2014-03-25 Thread Jim Popovitch
On Tue, Mar 25, 2014 at 5:33 PM, Laszlo Hanyecz las...@heliacal.net wrote:
 The usefulness of reverse DNS in IPv6 is dubious.  Maybe the idea is to
 cause enough pain that eventually you fold and get them to host your email 
 too.

Heh, I say the same things about DMARC where a lot of the major
proponents offer alternative messaging capabilities.

-Jim P.



Re: why IPv6 isn't ready for prime time, SMTP edition

2014-03-25 Thread Brielle Bruns

On 3/25/14, 3:33 PM, Laszlo Hanyecz wrote:

The usefulness of reverse DNS in IPv6 is dubious.  Maybe the idea is
to cause enough pain that eventually you fold and get them to host
your email too.



Well, like I said, there is nothing wrong with using rdns as part of a 
score in how legit a message is.  Knock off a point or two in 
Spamassassin, add a few points back because there is SPF records, and 
another one or two for DKIM...


Google is obviously doing some intelligent filtering on their end to 
handle incoming spam - why take such a drastic move against rdns when 
you already do heuristics that can factor it in without risking losing 
legit mail?



I just finished moving two customers from Google hosted mail to Office 
365 hosted Exchange.  Even with all the odd quirks and issues that 365 
has from time to time, I'm still getting better feedback from my 
customers.  So... no, I'd sooner shut down my mail services then go with 
Google mail hosting for my primary e-mail address.
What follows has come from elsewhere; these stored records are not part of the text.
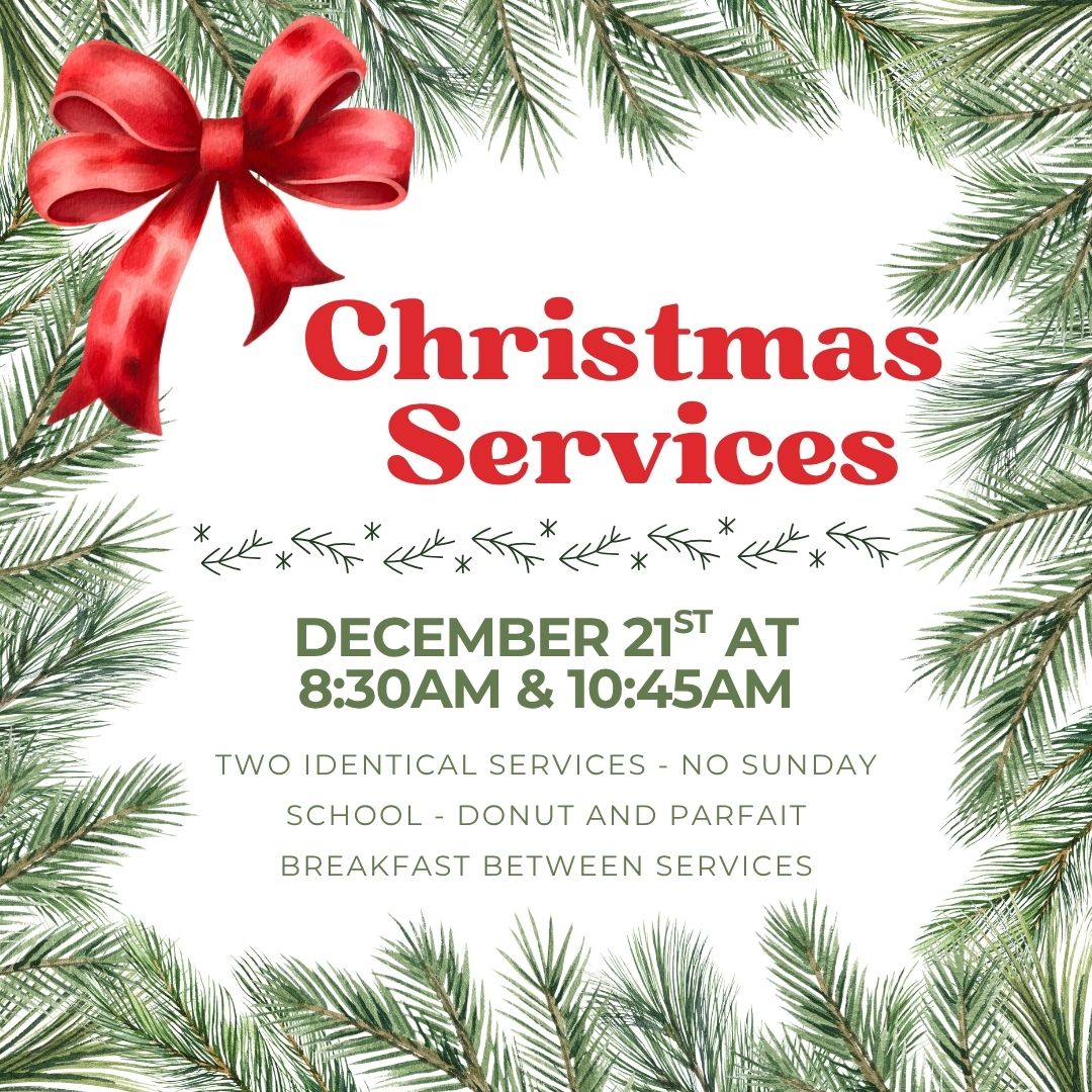 Join us on December 21st, 2025 for our Christmas services! Both services will be identical – 8:30am & 10:45am – with a donut and parfait breakfast in between the services. No Sunday School – but bring your family and friends and join us to celebrate the birth of King Jesus!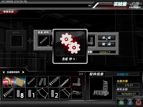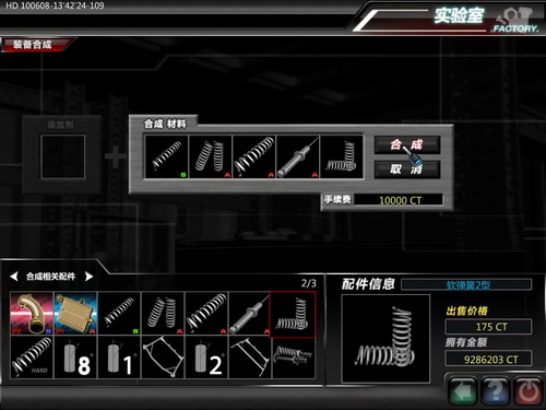 如上图,可以看到刚刚获得的配件可以立即作为原料配件再次进行合成。直到您获得令您满意的配件为止。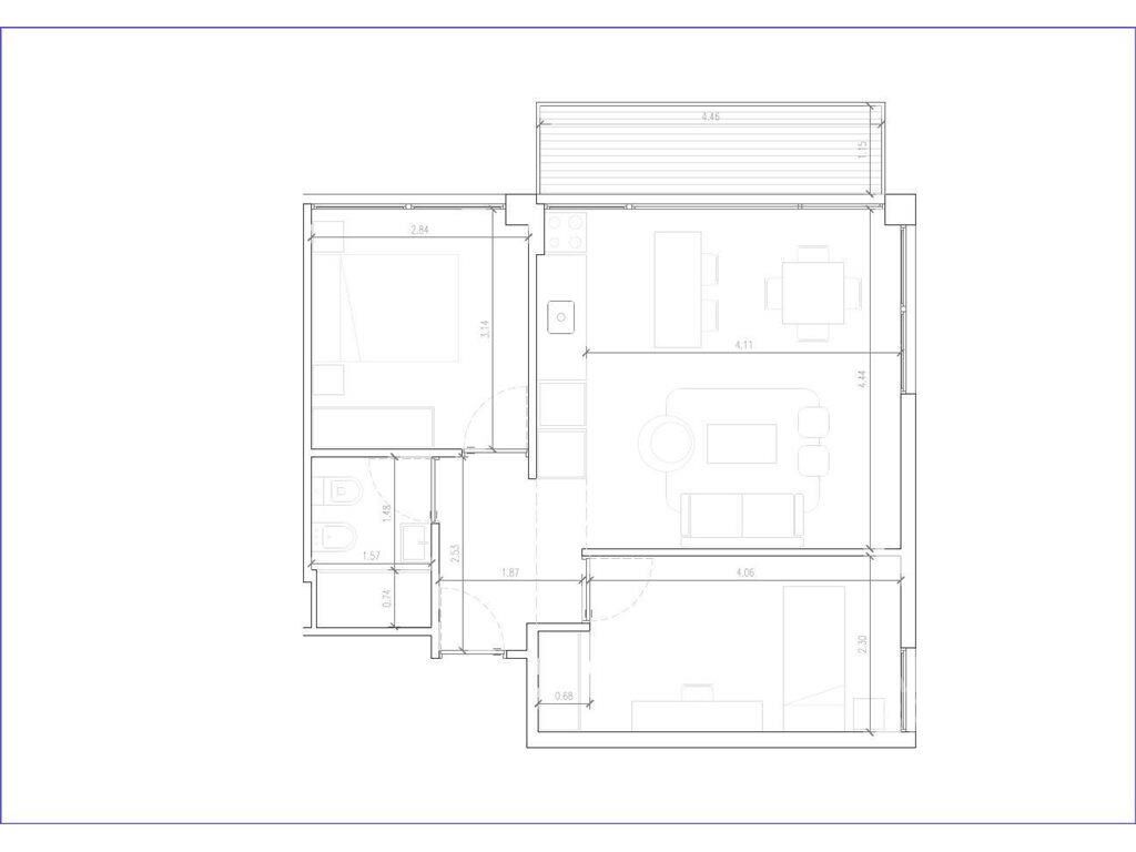 Living comedor con terraza, cocina integrada, 2 dormitorios y 1 baño completo.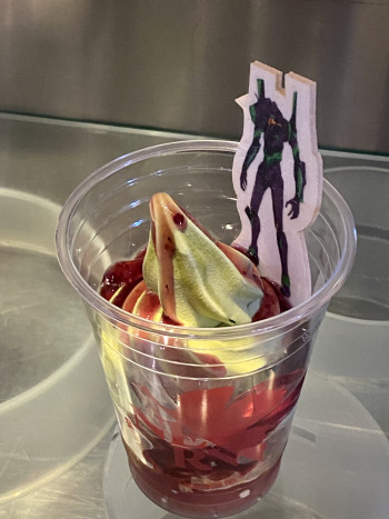 そして、ファストフード「フォンターナ」には、綾波レイの大好物「にんにくラーメンチャーシュー抜き~綾波レイ~」や、抹茶ソフトとベリーのソースで初号機カラーをイメージした「エヴァンゲリオン初号機サンデー」、レイやアスカ、ミサトにちなんだドリンクなど計6品を提供。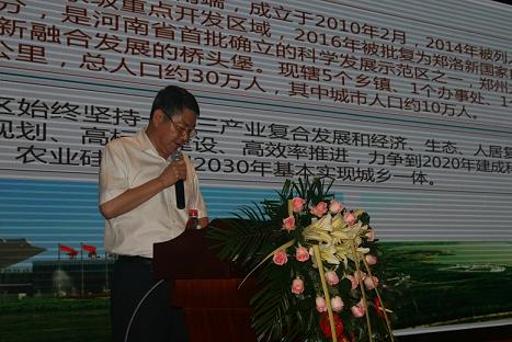 新鄉市政府黨組成員、平原示范區黨工委書記鹿建宇同志首先致辭,鹿書記熱烈祝賀峰會的召開,歡迎參會嘉賓及代表的蒞臨,并介紹了新鄉市平原示范區的概況。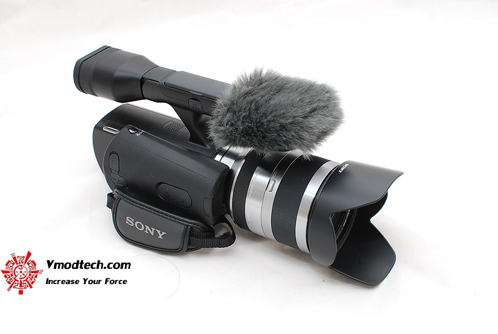 ...แปลนเมาท์เลนส์ที่เมื่อติดตั้งเลนส์คิตที่แถมมากับตัวกล้องไปบวกกับใส่ Hood ให้เรียบร้อย ก็ทำให้ตัวกล้องดูมีขนาดใหญ่และบึกบึนขึ้นมาพอสมควรเหมือนกันครับ และเมื่อไมโครโฟนถูกติดตั้งตัวกันลมไปแล้ว ก็ยิ่งทำให้ดูน่าสนใจขึ้นมาถนัดตา

But, that's just my opinion.

--
Brielle Bruns
The Summit Open Source Development Group
http://www.sosdg.org/ http://www.ahbl.org



Re: why IPv6 isn't ready for prime time, SMTP edition

2014-03-25 Thread John Levine
This seems like to sort of problem that Mailops or MAAWG should
be hammering out.

Of course MAAWG is working on it.  But don't hold your breath.

R's,
John



Re: why IPv6 isn't ready for prime time, SMTP edition

2014-03-25 Thread John Levine
In article 5331edab.8000...@2mbit.com you write:
On 3/25/14, 11:56 AM, John Levine wrote:
 I think this would be a good time to fix your mail server setup.
 You're never going to get much v6 mail delivered without rDNS, because
 receivers won't even look at your mail to see if it's authenticated.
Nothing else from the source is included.